Last week, when I landed in New Orleans heading to the SC14 Supercomputing conference, my phone’s Google Now application told me about the local weather, and I searched for a good restaurant using voice commands in the taxi coming in.
Given where I was headed, it felt appropriate that these were running on some of the world’s largest supercomputers. At the show itself, our booth’s mini-theater featured three days of talks by world-leading experts on supercomputers – and their use for weather and climate modeling, object recognition in images, and drug discovery.
Few topics generated as much interest, though, as machine learning applied to big data. Nearly a fifth of our booth talks focused on how computers train themselves to identify objects, images, signals and data patterns. And given the field’s enormous potential – virtually every major web-services company hiring away leading researchers in droves – that’s almost certain to rise in the years ahead.
“I honestly believe that for the next several decades, there will be more and more people applying machine learning to “x,” which will generate huge economic value,” said Bryan Catanzaro, a senior researcher at Baidu, the Chinese search giant, in his packed half-hour talk at the booth.
Supercomputing – specifically GPU-accelerated supercomputing – could prove to be central to machine learning because it relies on rapidly processing massive data sets.

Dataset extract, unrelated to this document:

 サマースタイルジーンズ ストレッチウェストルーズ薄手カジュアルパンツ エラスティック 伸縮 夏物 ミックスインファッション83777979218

These sets can easily exceed an exabyte of data – equivalent to 50,000 years’ worth of DVD-quality video – such as the work being done by Shoou-I Yu, a researcher at Carnegie Mellon University, one of the speakers at our booth. His team has spent four years working on enabling ultra-fast search on video so that you could one day find scenes of a specific individual on YouTube with just a few clicks.
That task is staggering, given the scope involved. Yu noted that a hundred hours of video are uploaded on YouTube each minute of the day. But he and his team have developed tools that are now able to scan for specific objects in 8,000 hours of video and produce results in near real time.

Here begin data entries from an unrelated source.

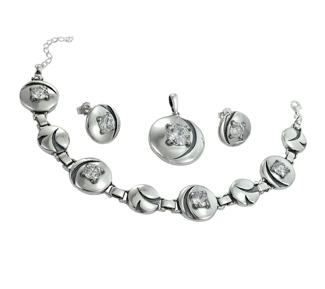 Piękny Srebrny Oksydowany Komplet z Cyrkoniami !!! Polecam !!!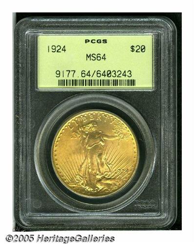 1924 $20 MS64 PCGS. Well struck with bright, matt
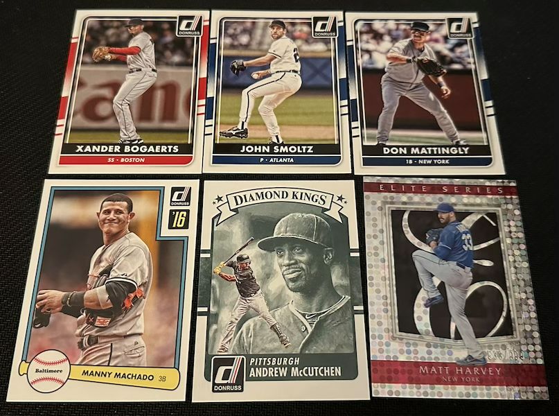 Xander Boagerts, John Smoltz, Don Mattingly, Manny Machado 1982, Andrew McCutchen Diamond Kings (DK) and Matt Harvey Elite Series /999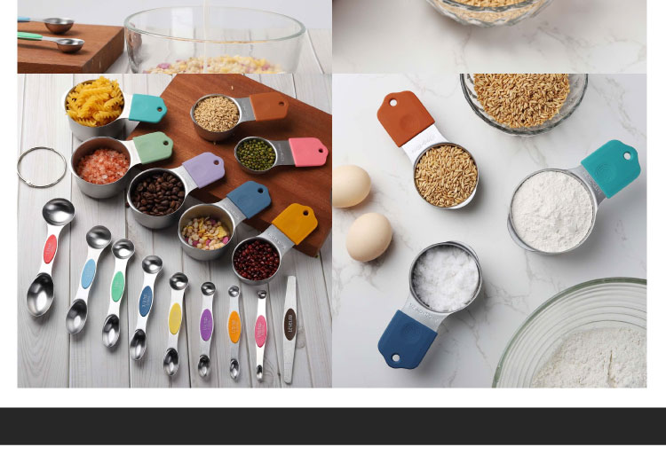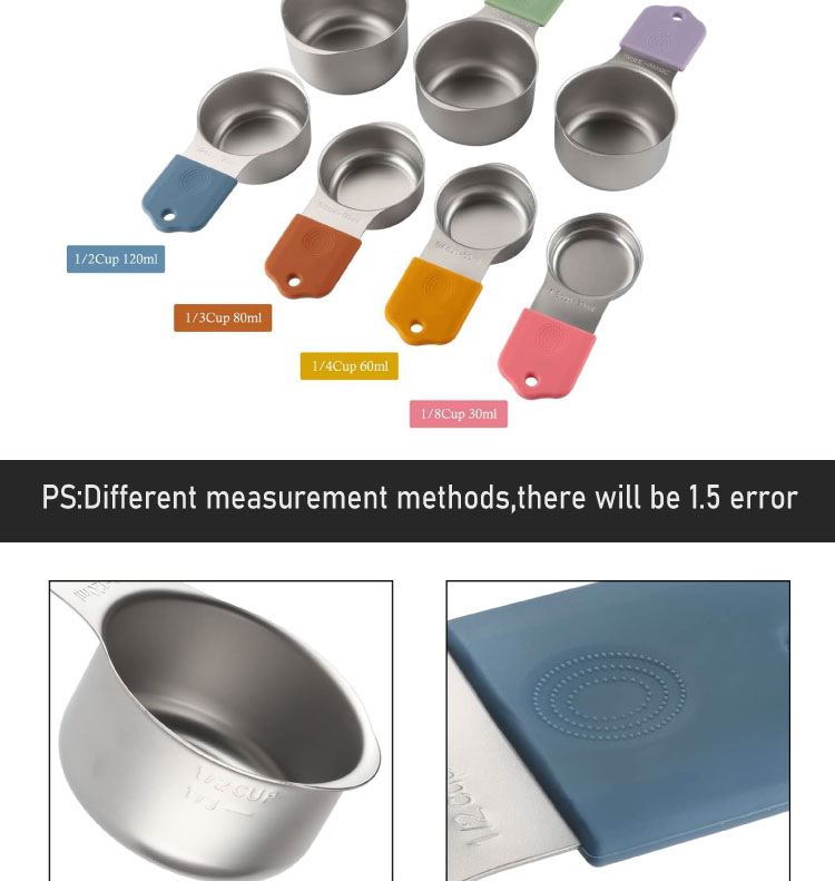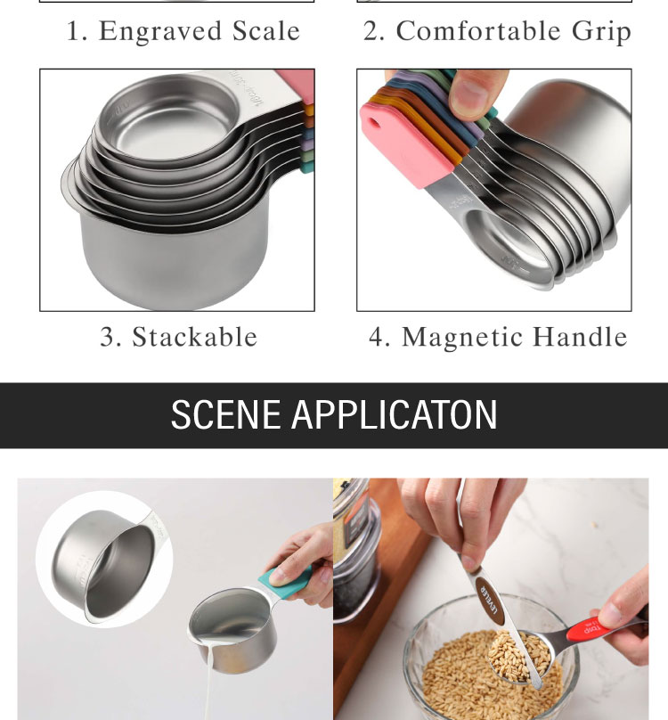 PREMIUM MATERIAL:The measuring set are made of food-grade 18/8 stainless steel,which is heavy-duty and durable,and safer than other material measuring set.Measuring set are often used to measure dry and wet ingredients in the kitchen.

The applicability of machine learning extends far beyond the digital realm.
Jonathon Cohen, a machine-learning specialist at NVIDIA, described work being done by researchers at University of California, San Diego, who are beginning to use GPU-accelerated machine learning to help map the distribution of coral species across the ocean floor.
In the past, the only way this exceptionally complex task could be approached was for marine biologists to pore over images of reefs, sift through what’s coral and what may be sand or algae, and then identify specific types of coral based on appearance. When done by hand, scientists could only label one or two percent of the images from coral reefs. Today, computers can do 60 percent of the images, with only 5 percent less accuracy than scientists. And the UCSD scientists are on their way to increase this to 90 percent.
Another real-world example discussed at the NVIDIA booth this week was work focused on training computers to detect breast cancer by determining the rate of mitosis – the splitting of chromosomes – within tissue samples.
Dan Ciresan, a researcher based at IDSIA, a Swiss artificial-intelligence lab, described how his team’s work in this area using deep neural nets – which has captured a half dozen international competitions – is already better and much faster than humans on many types of difficult medical image assessments.
Other experts on the subject – from Microsoft Labs, among other organizations, described their own approaches to using machine learning. But despite their range of topics, all agreed that machine learning is just beginning to take hold and that it will surely loom larger still at next November’s SC conference in Austin.